Your goal: For the listing below, the answer is an exact retyping of the lines from the one with "Τοιχογραφίες Αφαίρεση ακουαρέλας, σχέδιο" through the one with "Step 4: Report", both included, without pictures.
------ Data to examine ------
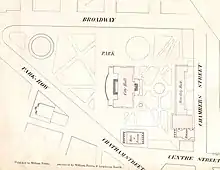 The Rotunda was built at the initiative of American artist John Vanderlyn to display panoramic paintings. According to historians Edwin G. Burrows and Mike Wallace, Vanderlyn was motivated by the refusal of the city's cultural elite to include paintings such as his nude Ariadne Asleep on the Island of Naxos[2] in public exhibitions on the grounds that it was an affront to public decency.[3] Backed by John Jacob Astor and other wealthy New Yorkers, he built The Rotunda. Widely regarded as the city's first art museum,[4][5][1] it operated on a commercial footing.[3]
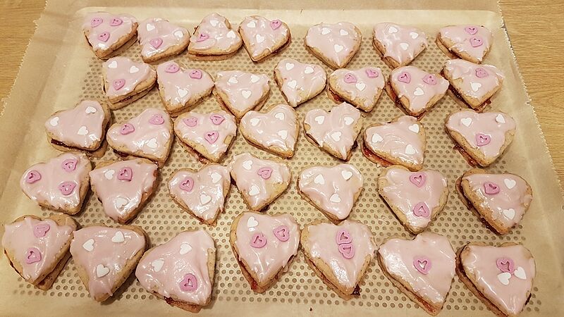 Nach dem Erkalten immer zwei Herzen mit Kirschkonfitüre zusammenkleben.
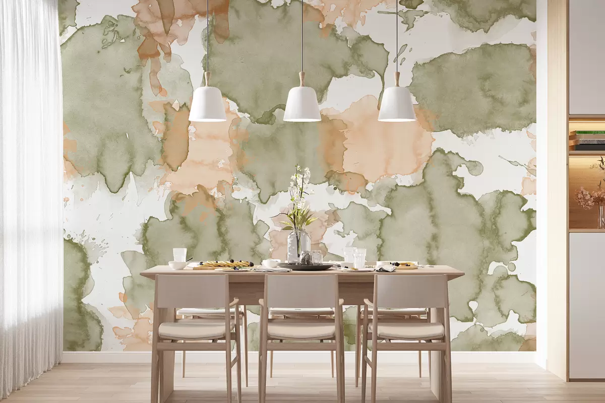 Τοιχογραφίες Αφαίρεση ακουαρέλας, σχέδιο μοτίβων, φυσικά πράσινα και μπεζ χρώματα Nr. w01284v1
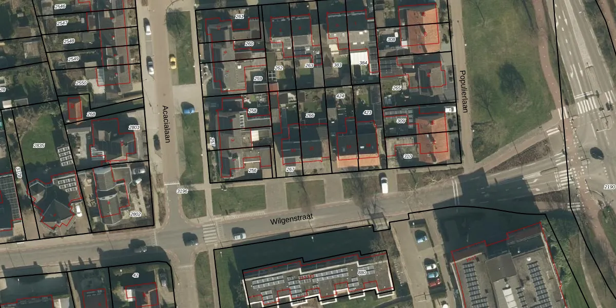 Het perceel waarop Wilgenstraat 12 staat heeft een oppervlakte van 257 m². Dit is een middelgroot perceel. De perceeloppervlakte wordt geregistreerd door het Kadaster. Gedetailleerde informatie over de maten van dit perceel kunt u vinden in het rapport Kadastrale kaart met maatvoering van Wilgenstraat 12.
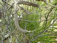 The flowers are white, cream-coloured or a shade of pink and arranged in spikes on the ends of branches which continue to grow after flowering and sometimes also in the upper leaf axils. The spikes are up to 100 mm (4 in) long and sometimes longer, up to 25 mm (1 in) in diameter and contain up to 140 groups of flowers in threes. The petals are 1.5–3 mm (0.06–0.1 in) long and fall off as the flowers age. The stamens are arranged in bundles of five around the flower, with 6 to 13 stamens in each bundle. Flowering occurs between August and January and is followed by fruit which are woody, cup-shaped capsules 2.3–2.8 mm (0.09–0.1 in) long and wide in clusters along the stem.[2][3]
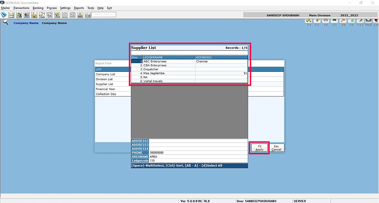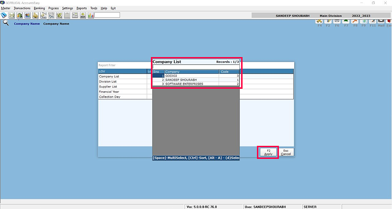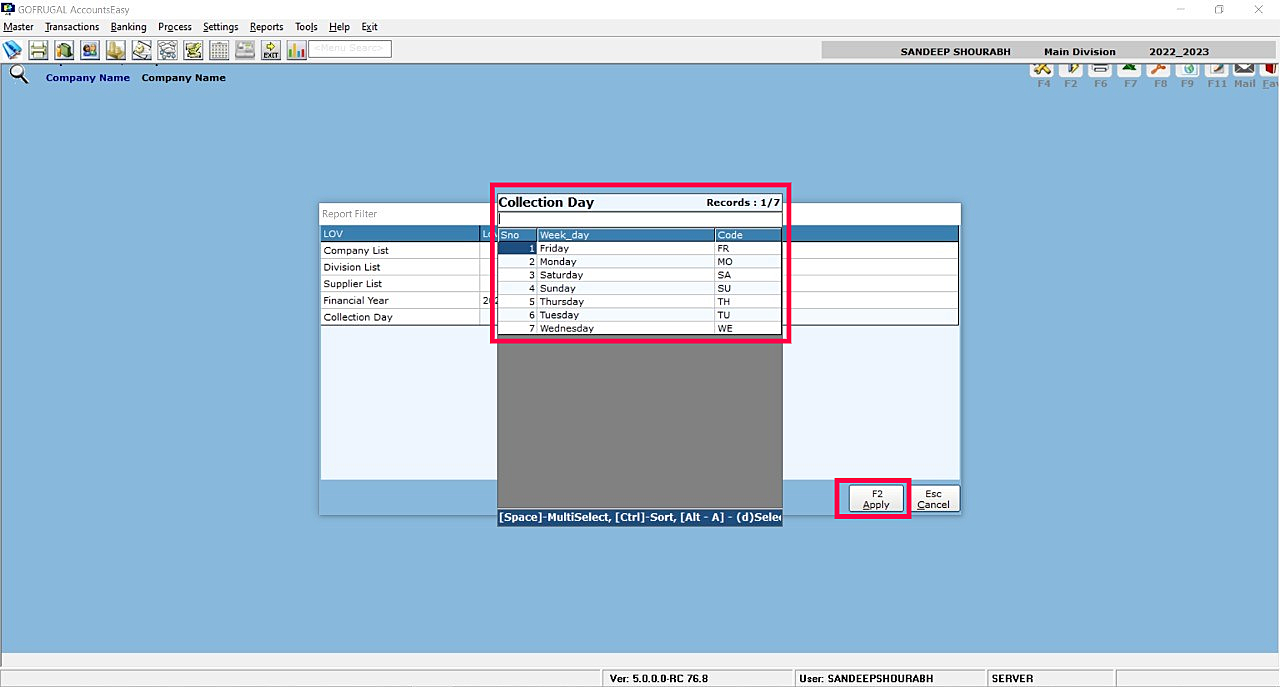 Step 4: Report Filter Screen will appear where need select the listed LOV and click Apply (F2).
------
------ Data to examine ------
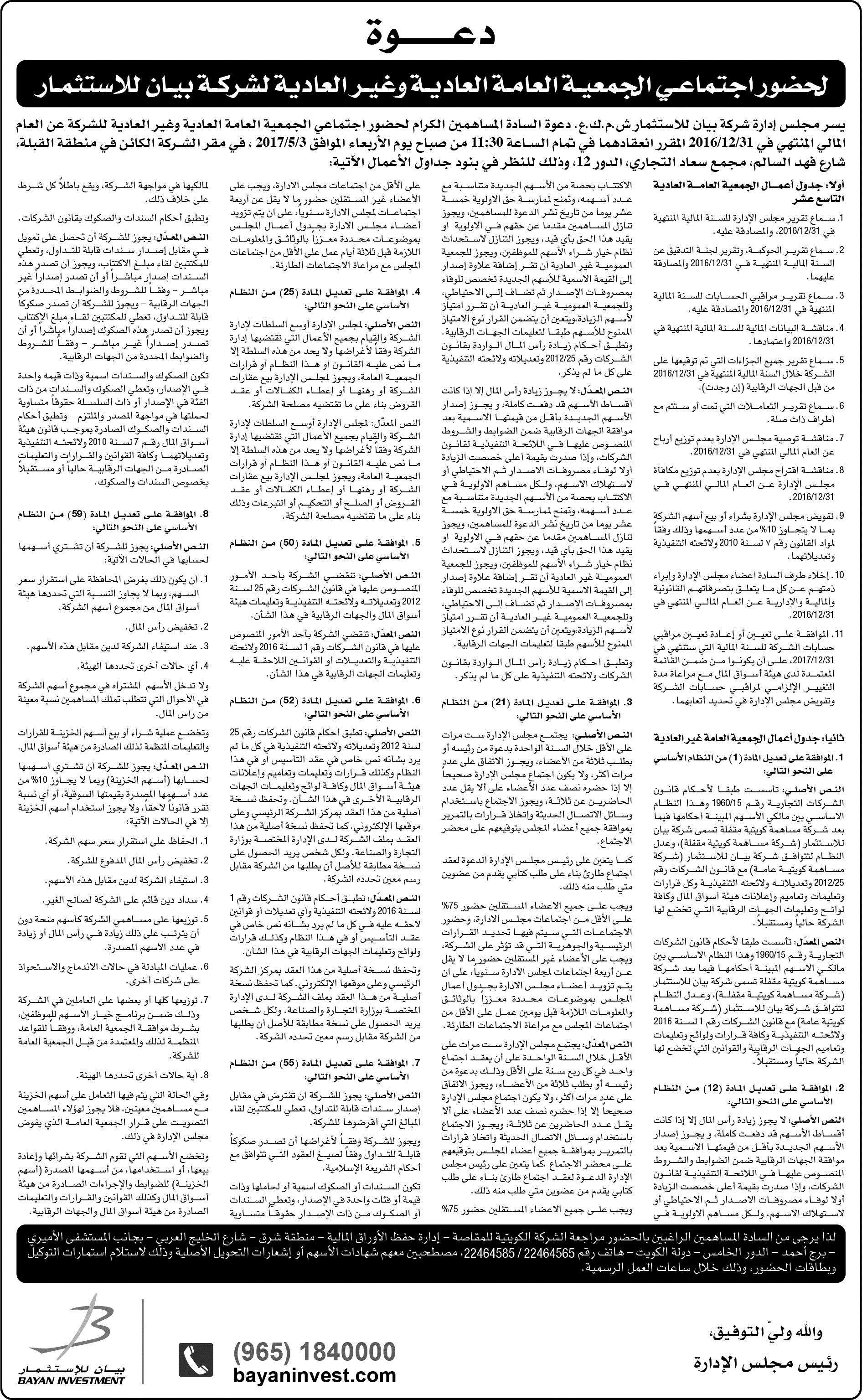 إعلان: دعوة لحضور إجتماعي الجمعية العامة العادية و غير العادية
------
Expected answer:
 Τοιχογραφίες Αφαίρεση ακουαρέλας, σχέδιο μοτίβων, φυσικά πράσινα και μπεζ χρώματα Nr. w01284v1
 Het perceel waarop Wilgenstraat 12 staat heeft een oppervlakte van 257 m². Dit is een middelgroot perceel. De perceeloppervlakte wordt geregistreerd door het Kadaster. Gedetailleerde informatie over de maten van dit perceel kunt u vinden in het rapport Kadastrale kaart met maatvoering van Wilgenstraat 12.
 The flowers are white, cream-coloured or a shade of pink and arranged in spikes on the ends of branches which continue to grow after flowering and sometimes also in the upper leaf axils. The spikes are up to 100 mm (4 in) long and sometimes longer, up to 25 mm (1 in) in diameter and contain up to 140 groups of flowers in threes. The petals are 1.5–3 mm (0.06–0.1 in) long and fall off as the flowers age. The stamens are arranged in bundles of five around the flower, with 6 to 13 stamens in each bundle. Flowering occurs between August and January and is followed by fruit which are woody, cup-shaped capsules 2.3–2.8 mm (0.09–0.1 in) long and wide in clusters along the stem.[2][3]
 Step 4: Report Filter Screen will appear where need select the listed LOV and click Apply (F2).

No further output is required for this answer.